Here is how effective change teams use readiness data:
Gate decisions. Use readiness assessment outputs as a formal input to go/no-go decisions at key programme milestones. If the assessment reveals that leadership alignment is weak or that impacted groups have no capacity in Q3, that information should trigger a genuine conversation about timing, not just a note in the risk register.
Targeted interventions. Readiness data that is segmented by business unit, role, or stakeholder group allows change teams to deploy their limited resources where the risk is highest. Rather than a blanket communications plan, you can design targeted engagement for the groups showing the lowest readiness scores.
Design adjustments. Early readiness assessment, conducted before detailed implementation design, can shape how the change is rolled out. A phased implementation, a longer stabilisation period, or a modified training design may be the right response to readiness data. These decisions are much easier to make before the implementation plan is finalised than after it.
Progress tracking. Conducting readiness assessments at multiple points in the programme allows you to track whether your interventions are working. If awareness scores are not improving after three rounds of communications, the communications strategy needs to change.
Common mistakes in change readiness assessment
The five most common mistakes we see in practice are:
Assessing too late. A readiness assessment conducted four weeks before go-live is not a planning tool. It is damage assessment. Assessment needs to start at programme initiation.
Assessing at the wrong level. Business unit-level readiness scores hide the specific groups where risk is concentrated. Always segment by role or stakeholder group.
Treating subjective ratings as objective data. Readiness assessment involves human judgement applied to inherently ambiguous questions. The data needs to be triangulated, from interviews, observation, and document review, not just surveys.

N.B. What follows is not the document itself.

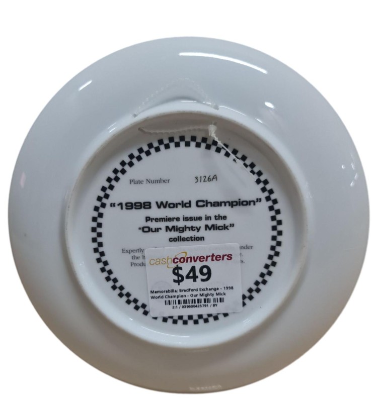 This stunning ornament from The Bradford Exchange celebrates the 1998 World Champion, the legendary Mick. Crafted with meticulous attention to detail, this piece captures the power and skill of this iconic athlete. Displayed prominently, it will be a captivating addition to any sports enthusiast's collection.

Separating readiness from implementation planning. If the change team and the programme team are operating independently, readiness data will not reach the people who can act on it.
Assessing without a plan to act. If you are not prepared to delay, redesign, or re-resource based on what the assessment reveals, do not conduct it. A readiness assessment that produces no action undermines trust in the process.
Using digital tools to support change readiness assessment
Managing readiness assessment data across large, complex programmes quickly becomes unwieldy with spreadsheets and documents. Digital change management platforms allow teams to capture readiness data systematically, track it over time, and connect it to other programme data such as change impact, training completion and adoption metrics.
The Change Compass supports this kind of integrated approach, allowing change teams to assess readiness at the stakeholder group level and track how it evolves as the programme progresses. This creates a living picture of programme readiness rather than a static snapshot, which is particularly valuable for multi-year transformation programmes where readiness conditions shift significantly over time.
If you would like to see how this works in practice, book a weekly demo to explore how leading organisations use data-driven readiness tracking to make better go-live decisions.
A change readiness assessment, done well, is one of the highest-return activities a change team can undertake. It surfaces risks early enough to be addressed, creates the evidence base for difficult programme conversations, and focuses change resources on the groups and dimensions where they are most needed.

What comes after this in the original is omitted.